While generic improvement in model skill requires parallel and comprehensive development in model and other forecast methodology, one way of achieving skill in station-scale forecasts without (intensive effort) calibration of the model is to implement an objective debiasing. Besides, increasing the horizontal resolution does not necessarily improve the quality of forecast indefinitely (Mass et al. 2002). Given that bias in model simulations often depends on geographical locations and, as shown subsequently with raw forecasts (RF) with MM5 over India having significant bias, generic improvement such as through parameterization schemes may not provide an efficient way for improving station-scale forecasts. Another procedure that can contribute to bias in the forecast is downscaling. While the mesoscale models today can support horizontal grid spacing down to a few kilometers or fewer, downscaling of model forecasts to arrive at station-scale values will remain a necessary step. Although there has been effort and progress in developing improved procedures for downscaling, it is possible to consider it as a part of objective debiasing.

The objective of the present work is to examine a method of generating station-scale forecasts from raw forecasts from a mesoscale model (MM5). We consider 12 locations over India (Fig. 1), representing urban locations in different geographical conditions. To evaluate realizable skill, we use the forecasts for the first 10 days for each month to calibrate the debiasing parameters and then use the calibrated parameters for the remaining days of that particular month without using in-sample data. However, to examine potential skill, we also evaluate the skill with calibration using all the 30 days. In addition, a simple running-mean error removal (RMER) is considered as a null hypothesis.

In section 2 we describe the model configuration and the methodology, including the principle and the algorithm of objective debiasing. The results are presented in section 3; section 4 contains our discussion and conclusions.

## 2. Forecast configuration and methodology

The basic 24-h (raw) forecasts were generated using a mesoscale model, with initial and boundary data described below.

### a. Model configuration and design of the experiments

The 24-h forecasts are generated using the mesoscale model MM5, version 3, a nonhydrostatic model with extensive documentation and validation (Dudhia 1993) that is designed to simulate or predict mesoscale atmospheric circulation. The model allows options for parameterization of various processes, such as cumulus convection, planetary boundary layer (PBL) and radiative forcing. It can support multiple nests with varying horizontal grid spacing and has nonhydrostatic dynamics; the details of the model configuration chosen for this study are given in Table 1. All simulations in this study were carried out with a single domain covering the 12 locations (Fig. 1) as interior points; the integration time step in seconds was chosen on the basis of 3 × *dx* criteria, where *dx* is grid size.

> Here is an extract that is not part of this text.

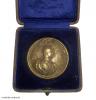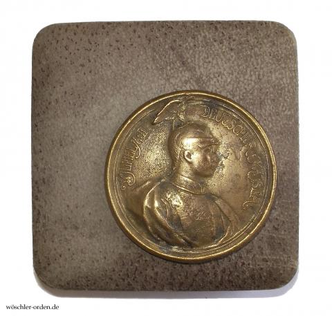 Die Medaille in deutlich gebrauchter bzw. verputzter Erhaltung mit deutlichem Abrieb des Reliefs sowie alten Putzmittelresten in den Vertiefungen. Das Etui äußerlich stark berieben und mutmaßlich mit einem Feuchtigkeitsschaden, innen jedoch noch quasi tadellos erhalten.
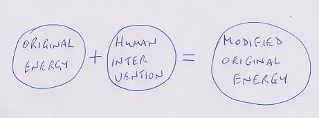and it's the modified original energy that most people perceive as being original energy Original energy can be represented by a bubble of colour blue, human intervention can be represented by a bubble of green and modified original energy can be represented by a bubble of red.

The relaxation boundary conditions (Dudhia et al. 2010) were used in all the simulations, wherein the outer row and column were specified by time-dependent values, whereas the next four points are relaxed toward the boundary values with a linearly decreasing (away from boundary) relaxation constant. Global tropospheric analysis data of resolution 1° × 1° (available online at http://dss.ucar.edu/datasets/ds083.2/data) from NCAR were used to initialize the model. Terrestrial data include terrain elevation (30 min), land use [U.S. Geological Survey (USGS)-24 category, 30 min), and vegetation fraction (10 min). Terrain and vegetation fraction datasets are available online from the University Corporation for Atmospheric Research (UCAR;

The initial conditions were extracted from global fields available on a 1° × 1° grid at a 6-hourly interval from the National Centers for Environmental Prediction Global Forecast System (final) global gridded analysis (FNL). For each forecast the model was integrated with the initial field at 0000 UTC of the previous day; thus, a total of 123 forecasts were generated for 1 May–31 August 2009. The above methodology was applied to 12 locations spread over different terrains in India; the abbreviation subsequently used for each station is also given in the Fig. 1.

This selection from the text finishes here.